■ **TASK OBJECTIVE**: Only one stretch of the data below is wanted: the lines from the one with "Detailed credit hour" through the one with "Une fois installée, vous", repeated exactly.

■ **SOURCE RECORDS**:
▽

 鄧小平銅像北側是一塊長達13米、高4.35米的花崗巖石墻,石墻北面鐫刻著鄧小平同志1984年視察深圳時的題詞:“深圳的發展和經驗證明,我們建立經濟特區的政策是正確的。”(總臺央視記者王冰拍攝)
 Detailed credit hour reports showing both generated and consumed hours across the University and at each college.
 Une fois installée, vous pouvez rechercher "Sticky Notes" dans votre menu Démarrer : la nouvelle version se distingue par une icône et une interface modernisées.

△
▽

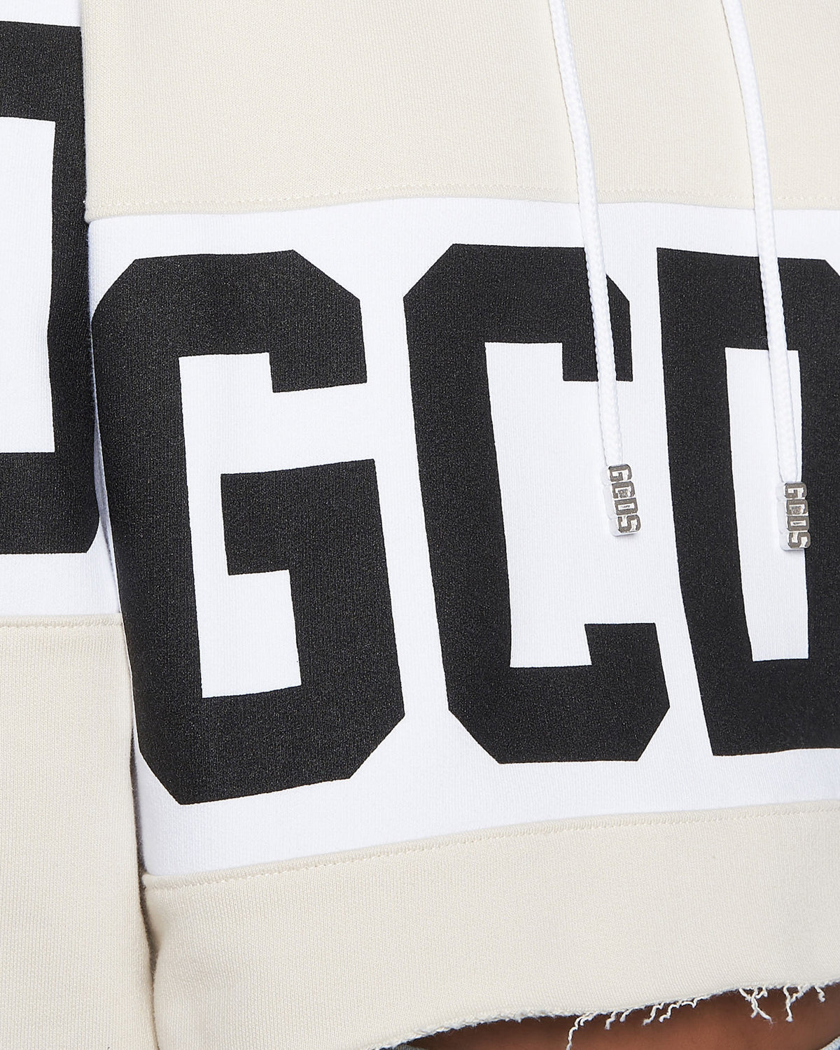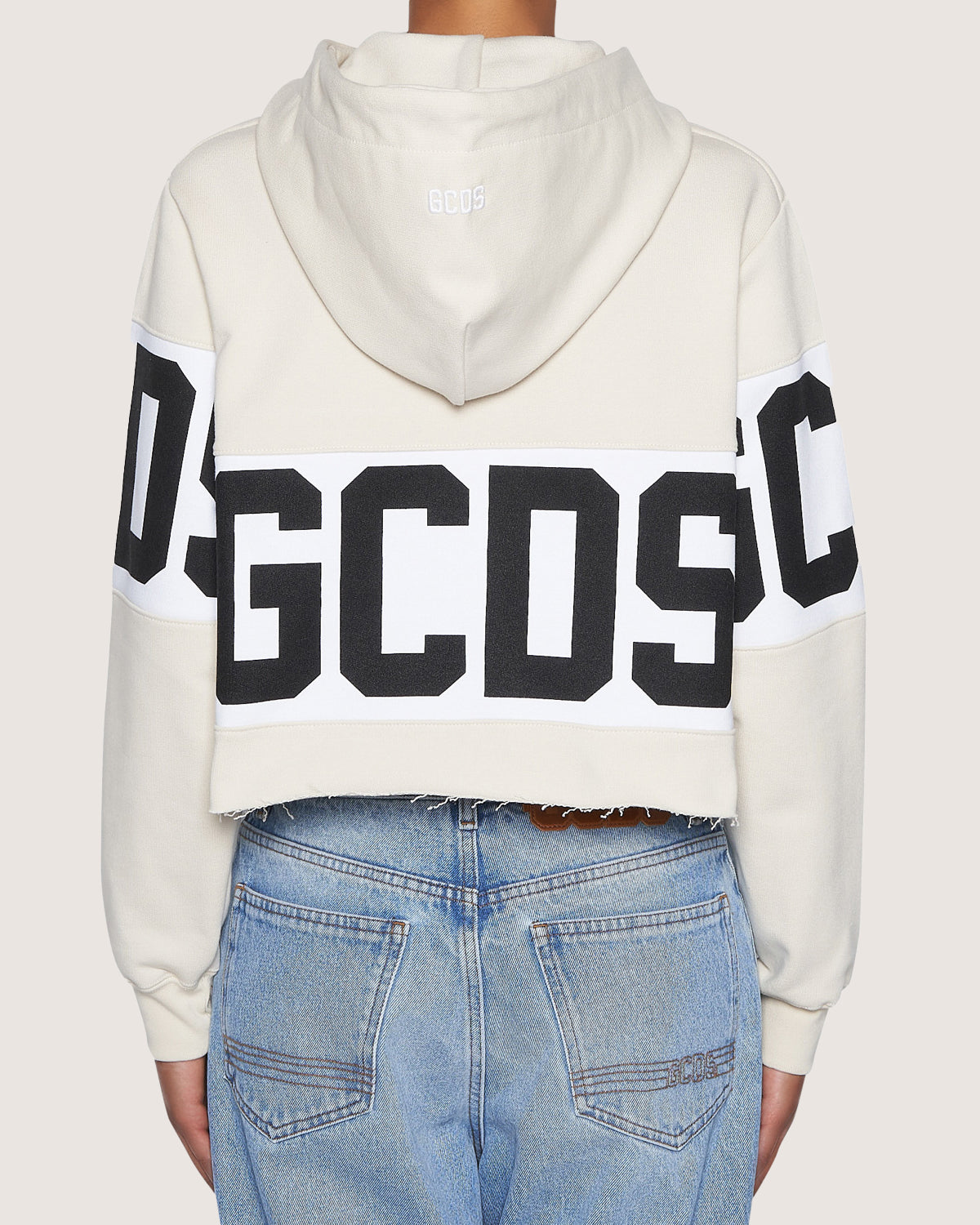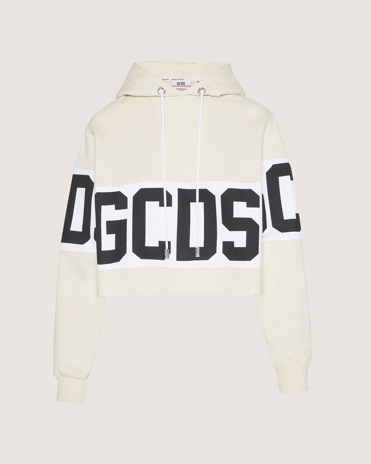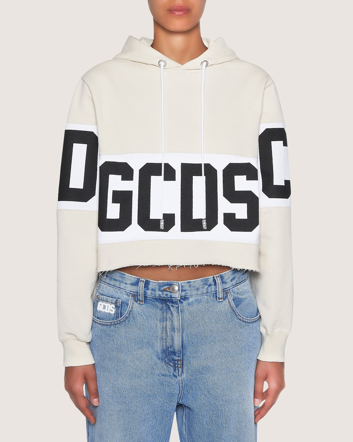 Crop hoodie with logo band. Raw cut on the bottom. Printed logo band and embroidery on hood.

△
▽

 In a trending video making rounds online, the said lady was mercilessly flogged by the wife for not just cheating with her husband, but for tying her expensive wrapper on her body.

△

■ **ANSWER**:
 Detailed credit hour reports showing both generated and consumed hours across the University and at each college.
 Une fois installée, vous pouvez rechercher "Sticky Notes" dans votre menu Démarrer : la nouvelle version se distingue par une icône et une interface modernisées.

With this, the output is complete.